## Exercise objective
Return nothing but the lines from the line with "1、玩家在跑酷过程中收集金钱、捕捉伙伴,利用卡牌系统参与对决争夺胜利。" through the last line of the entries that follow, copied exactly and free of pictures.
######
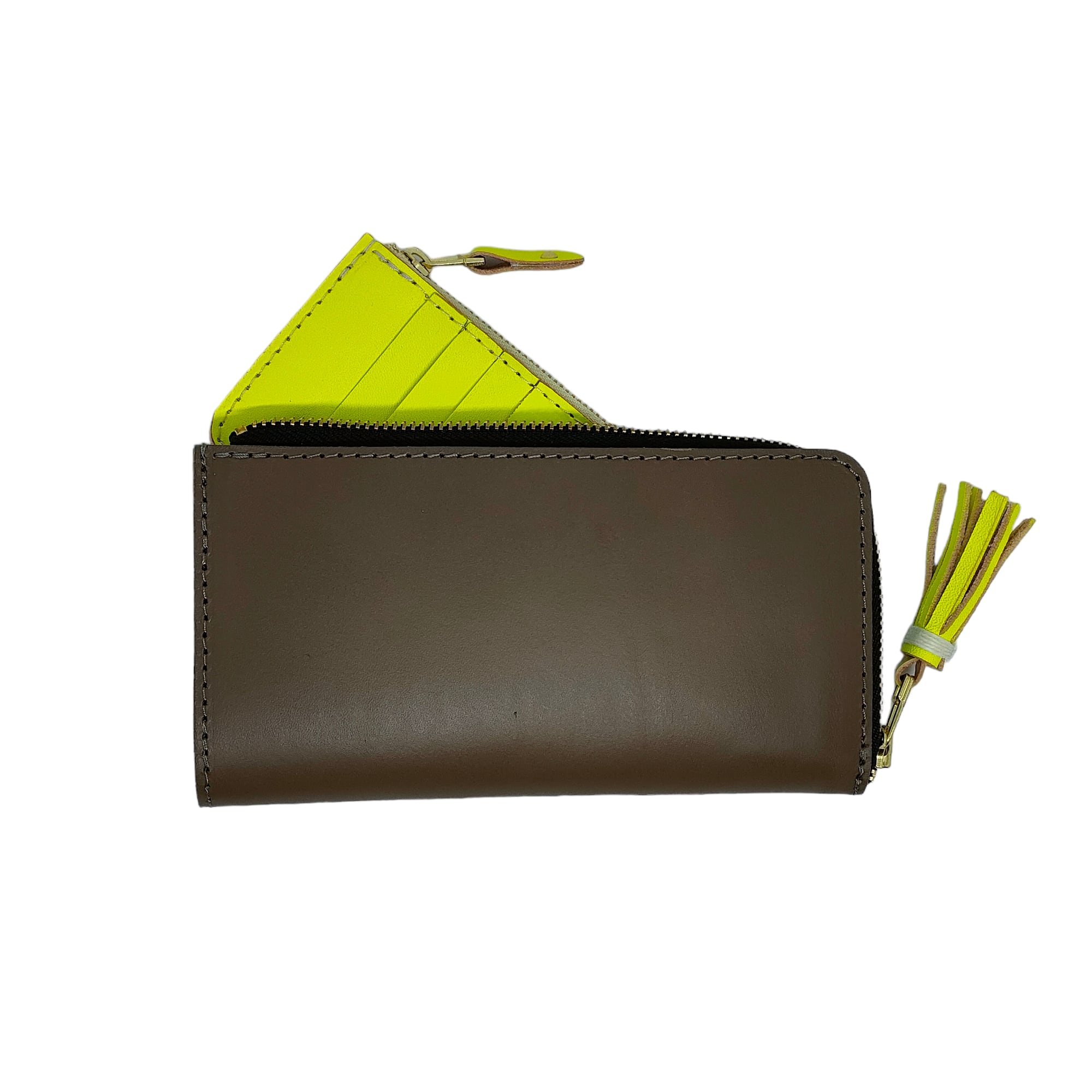 この財布の特長は、なんと言っても便利なフラグメントケース付き。小銭やカード、お札を整理するのに便利で、常にスマートな外見をキープします。L字型の開閉部分には、しっかりとしたYKKのファスナーを採用し、安心感と高級感を兼ね備えています。
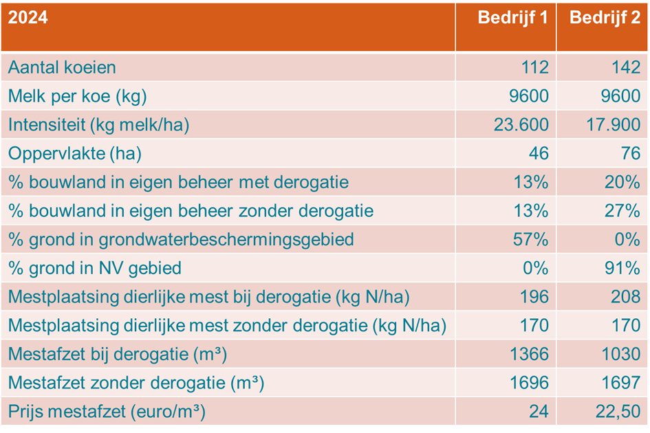In tabel 1 zijn een aantal globale kengetallen van de beide pilotbedrijven weergegeven voor 2024.e
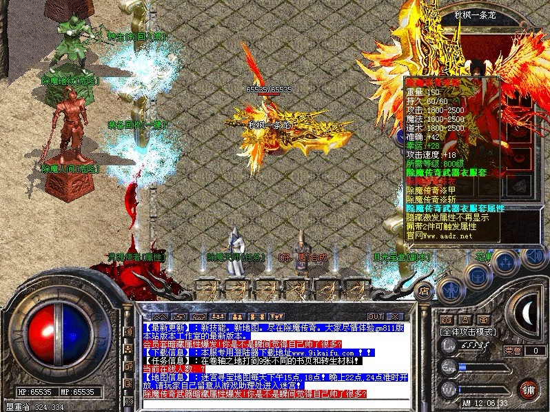 【最新更新】:新技能。新地图。尽在除魔传奇。大家尽情体验传奇传世一条龙秋枫工作室的最新版本。
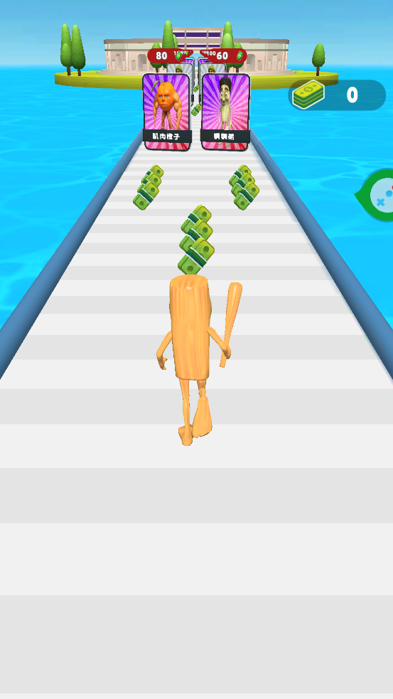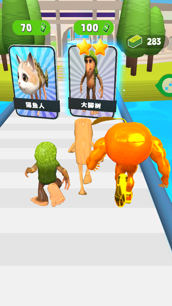 1、玩家在跑酷过程中收集金钱、捕捉伙伴,利用卡牌系统参与对决争夺胜利。
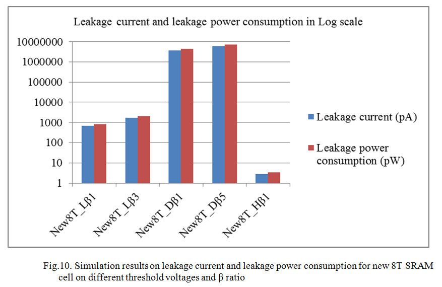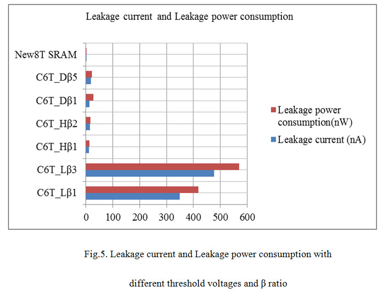In this section β is varied for the conventional 6T SRAM cell and then all performance parameters are evaluated. Table 1 and fig.5 show the simulation results of leakage current and leakage power consumption for new 8T SRAM cell and conventional 6T SRAM cell with different threshold voltage and β ratio.
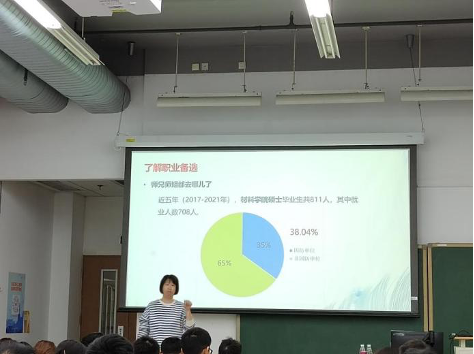 首先,赵老师从了解职业备选、分析自身优势、聚焦职业选项、求职准备四大方面进行详细的阐述,通过图表、数据清晰展示了近五年williamhill官方网站硕士研究生的毕业去向,帮助大家拓宽求职思路。
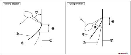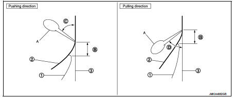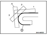 3. For small radius portion of hemming part, gradually apply pressure and affix door sash tape (1) using squeegee (A) in 1 – 3 steps.
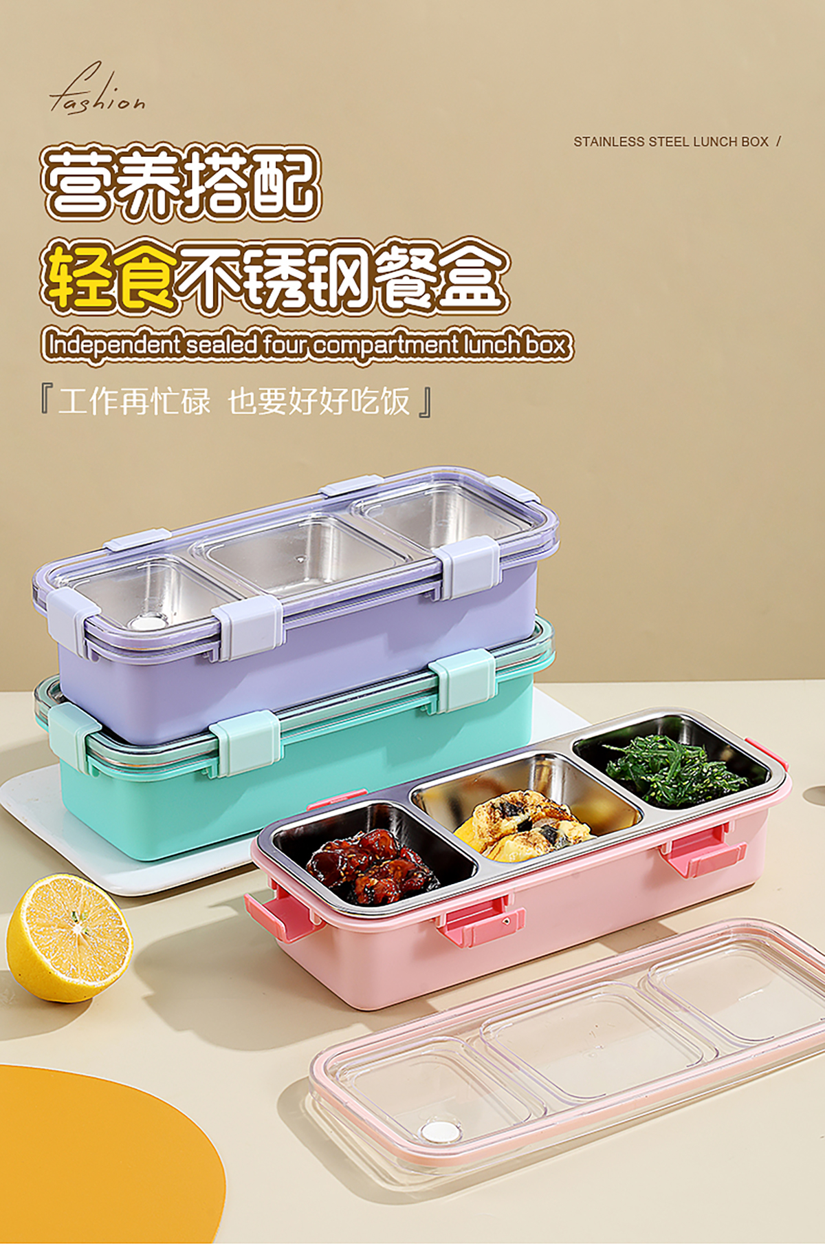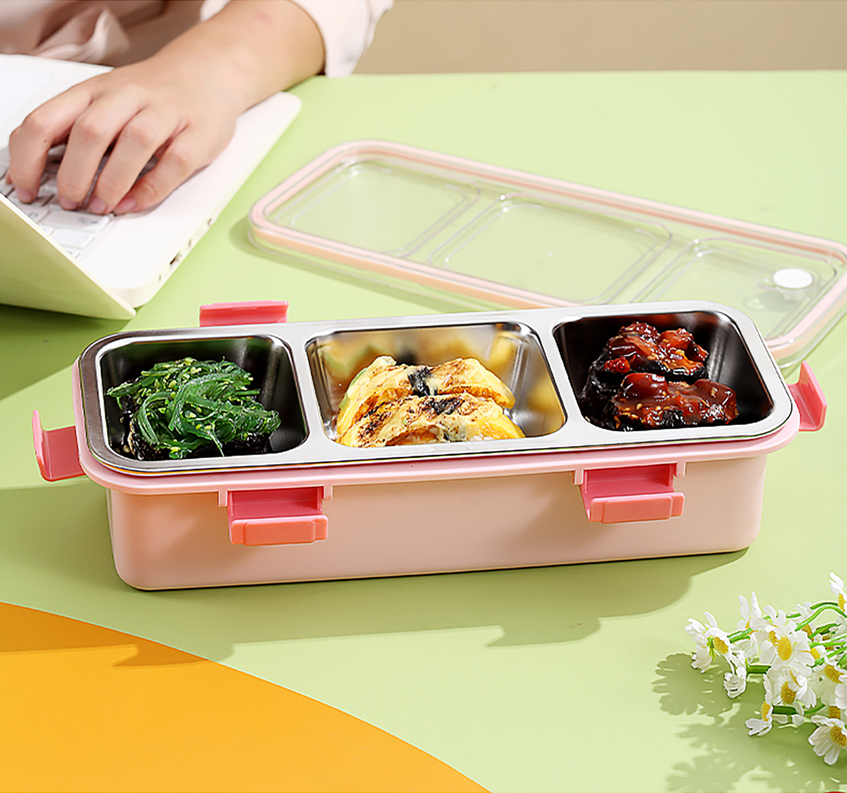 輕食不銹鋼餐盒三格585ml
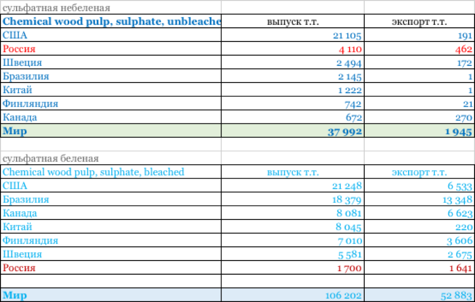 Мировые лидиры по производству древесной целлюлозы (Wood pulp)
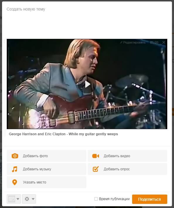 После того, как добавлено видео и при желании написан текст, остаётся только нажать кнопку «Поделиться» слева внизу. Теперь ваш пост опубликован
######
## Task result
 1、玩家在跑酷过程中收集金钱、捕捉伙伴,利用卡牌系统参与对决争夺胜利。
In this section β is varied for the conventional 6T SRAM cell and then all performance parameters are evaluated. Table 1 and fig.5 show the simulation results of leakage current and leakage power consumption for new 8T SRAM cell and conventional 6T SRAM cell with different threshold voltage and β ratio.
 首先,赵老师从了解职业备选、分析自身优势、聚焦职业选项、求职准备四大方面进行详细的阐述,通过图表、数据清晰展示了近五年williamhill官方网站硕士研究生的毕业去向,帮助大家拓宽求职思路。
 3. For small radius portion of hemming part, gradually apply pressure and affix door sash tape (1) using squeegee (A) in 1 – 3 steps.
 輕食不銹鋼餐盒三格585ml
 Мировые лидиры по производству древесной целлюлозы (Wood pulp)
 После того, как добавлено видео и при желании написан текст, остаётся только нажать кнопку «Поделиться» слева внизу. Теперь ваш пост опубликован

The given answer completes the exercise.